Anyway, this spread was amazing: scrambled eggs, sausage, canadian bacon (known as ham in the US), biscuits with gravy, and home fries, along with the usually breads, pastries, and fruits. And most importantly, there were no employees lording over the food... this is what we in the scavenging circles call a "free for all."

So I loaded my plate with hot food and repeatedly made trips back up to fill my pockets with non-perishable Nature Valley granola bars and bananas. Then, I saw there was a bag of Lender's bagels and I shoved it under my coat. As I ate, I began feeling more and more guilty about the bagels, like it was horribly hypocritical of me to be thanking God for all the good graces He's bestowed, then go and do something so blatantly wrong.

For some reason, I only felt guilty about the bagels. Not the plate of eggs and biscuits (they'll have to throw that out anyway, right? completely ignoring the fact that they have to cook more because of my share), not the granola bars or bananas (normal people would take a couple, or in this case, a dozen Nature Valley Granola bars to go, too).

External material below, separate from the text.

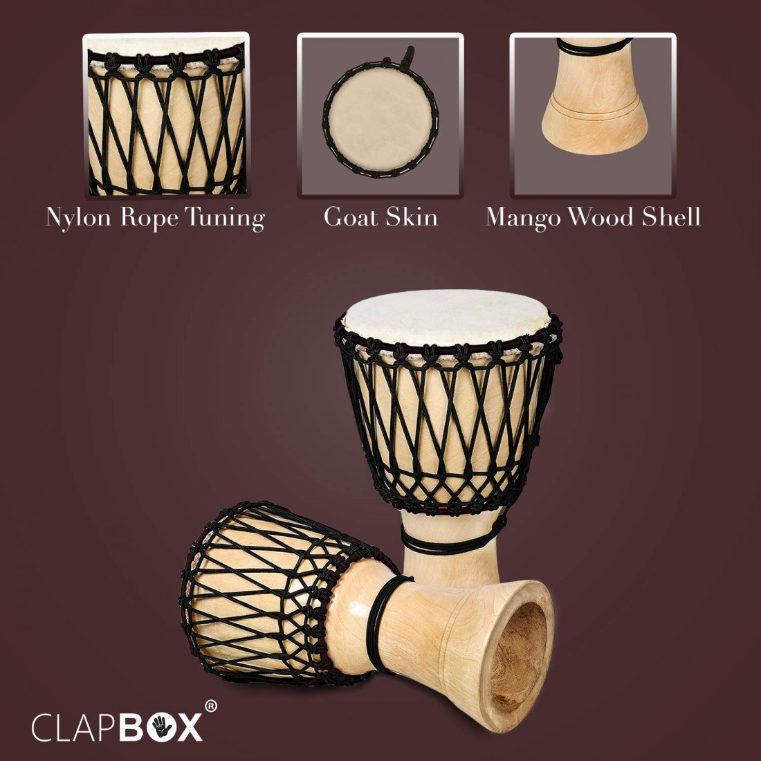 Hand-Selected Goat Skin Heads: Features premium goat skin heads that produce classic djembe sounds with a warm yet cutting tone. Play the center for boomy bass and the edges for sharp, popping accents.

Well it got to a point where I threw my fork down and started yelling in my head, "Fine! Fucking fine! I'll put the damn bagels back already. Just get off my back!" I only mention this whole bagel thing because I thought by putting them back, I'd made things square with God, but realized I hadn't when I filled up my gas tank in Little America, WY (one of those tourist traps that is advertised via billboard for 100 miles before you get there and then you realize it's just a gigantic souvenir shop, and what do people do with those two foot long pencils anyway? They don't even fit in pencil sharpeners). When I tried to start my car back up, it wouldn't turn over. Mind you, before I left Jersey, I spent $350 to get a check engine light to turn off, so I assumed everything underneath there was back in working order. And usually, I can laugh a lot of shit off, but after the flat tire one driving day earlier, I was pretty fed the fuck up.

A kindly gentleman helped me push the car into a parking spot, and if there was a bright spot, at least my car died in Little America which had its own mechanic. I walked across the expansive parking lot the whole time bitching, "Really, God? You shut off my car for a plate of crappy scrambled eggs and bananas? I even returned the damn bagels!"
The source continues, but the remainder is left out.